### Task goal:
Every record is to be printed exactly as written, and any picture in it is skipped.

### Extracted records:
■ ■ ■ ■ ■
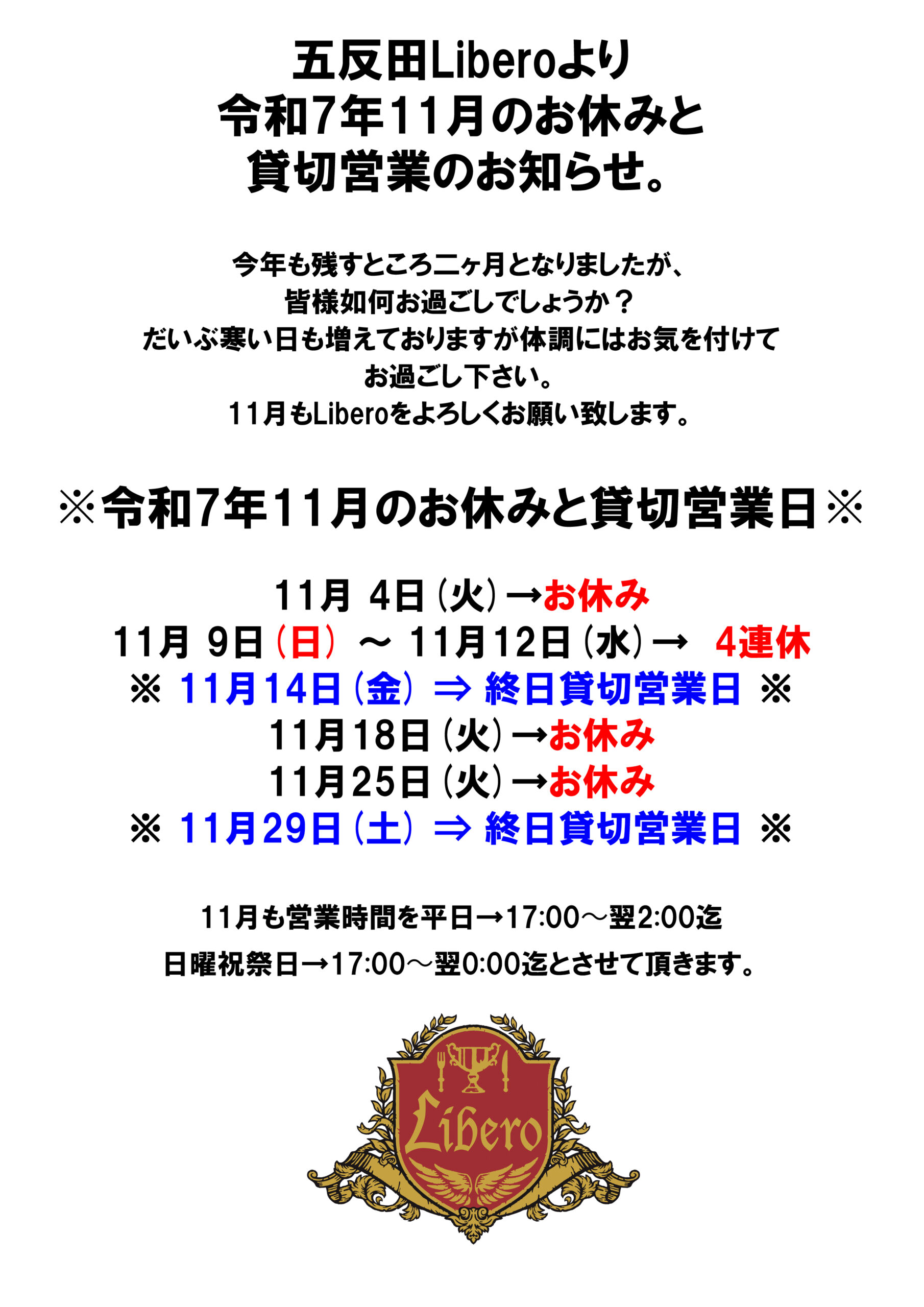 日曜祝祭日→17:00〜翌0:00迄とさせて頂きます。
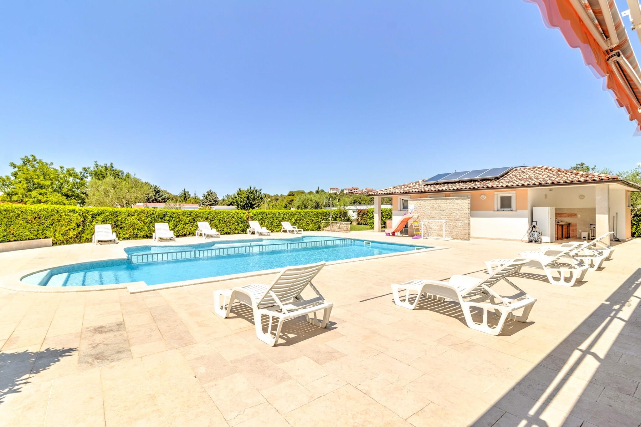 Første etasje: (Åpent kjøkke(vannkoker, vannkran med kokende vann, kaffetrakter, mikrobølgeovn, oppvaskmaskin, kjøleskap), Stue/soverom(2 personers sammenleggbar seng, TV, klimaanlegg), soveværelse(bunk bed or 2 single beds), Sovrum med badrum(king size dobbeltseng, badekar eller dusj, toalett), bad(badekar eller dusj)) terrasse, hage, hagemøbler, solsenge, grill, parkering, trampoline, svømmebasseng(deles med andre gjester), tennisbane, lekeområde, fotballmål
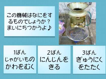 クイズでは大量調理に必須のアイテム「皮むき機」についてです。
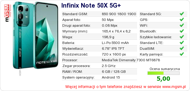 Dane telefonu Infinix Note 50X 5G+ na Twojej stronie
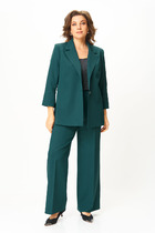 Жакет женский с центральной бортовой застёжкой до верха на 5 петель и пуговиц (размер и цвет фурнитуры может незначительно отличаться от фото) и отделочной тесьмой с цепью, идущей по горловине, вдоль борта, карманам, низу переда и рукава. Перед жакета с рельефными швами, выходящими из проймы до низа и накладными карманами с тесьмой. Спинка с рельефными швами и средним швом. Рукава втачные, двухшовные, длинные. По локтевому шву обработана шлица с двумя пуговицами и отделочной тесьмой. Горловина круглой формы, обтачная. Плечевой пояс оформлен плечевыми накладками.
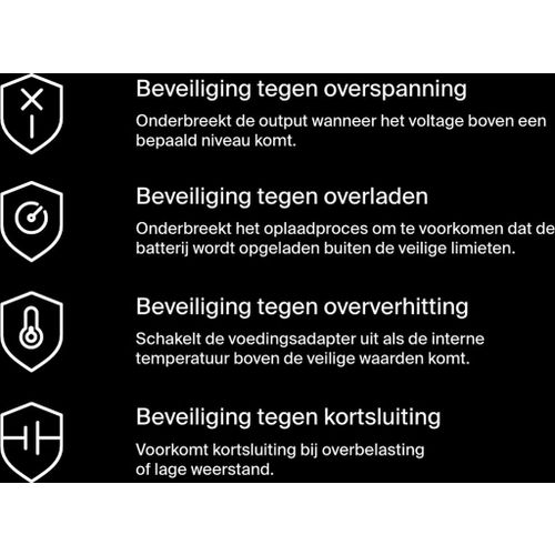 · Veiligheid: Uitgerust met meerdere beveiligingslagen, waaronder bescherming tegen overspanning, overstroom, oververhitting en kortsluiting.
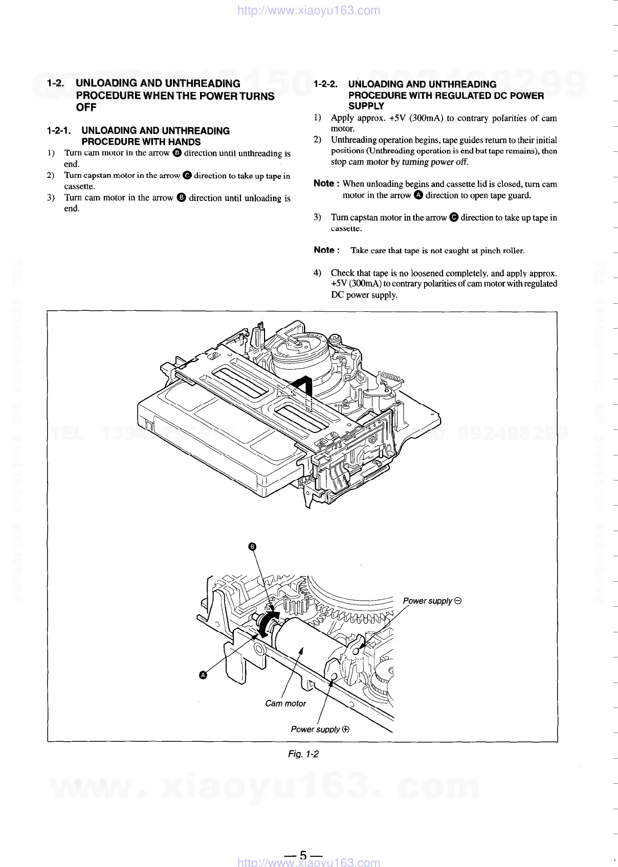Sony SLV-ED40PS - 1-2. UNLOADING AND UNTHREADING PROCEDURE WITH HANDS; 1-2-2. UNLOADING AND UNTHREADING PROCEDURE WITH REGULATED DC POWER SUPPLY
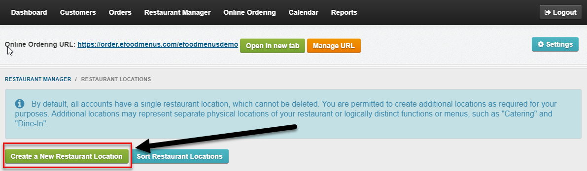 If you have just one location, you can simply add your restaurant's name here. The URL tag won't appear unless you create additional locations.
■ ■ ■ ■ ■
### Reply to the exercise:
 日曜祝祭日→17:00〜翌0:00迄とさせて頂きます。
 Første etasje: (Åpent kjøkke(vannkoker, vannkran med kokende vann, kaffetrakter, mikrobølgeovn, oppvaskmaskin, kjøleskap), Stue/soverom(2 personers sammenleggbar seng, TV, klimaanlegg), soveværelse(bunk bed or 2 single beds), Sovrum med badrum(king size dobbeltseng, badekar eller dusj, toalett), bad(badekar eller dusj)) terrasse, hage, hagemøbler, solsenge, grill, parkering, trampoline, svømmebasseng(deles med andre gjester), tennisbane, lekeområde, fotballmål
 クイズでは大量調理に必須のアイテム「皮むき機」についてです。
 Dane telefonu Infinix Note 50X 5G+ na Twojej stronie
 Жакет женский с центральной бортовой застёжкой до верха на 5 петель и пуговиц (размер и цвет фурнитуры может незначительно отличаться от фото) и отделочной тесьмой с цепью, идущей по горловине, вдоль борта, карманам, низу переда и рукава. Перед жакета с рельефными швами, выходящими из проймы до низа и накладными карманами с тесьмой. Спинка с рельефными швами и средним швом. Рукава втачные, двухшовные, длинные. По локтевому шву обработана шлица с двумя пуговицами и отделочной тесьмой. Горловина круглой формы, обтачная. Плечевой пояс оформлен плечевыми накладками.
 · Veiligheid: Uitgerust met meerdere beveiligingslagen, waaronder bescherming tegen overspanning, overstroom, oververhitting en kortsluiting.
Sony SLV-ED40PS - 1-2. UNLOADING AND UNTHREADING PROCEDURE WITH HANDS; 1-2-2. UNLOADING AND UNTHREADING PROCEDURE WITH REGULATED DC POWER SUPPLY
 If you have just one location, you can simply add your restaurant's name here. The URL tag won't appear unless you create additional locations.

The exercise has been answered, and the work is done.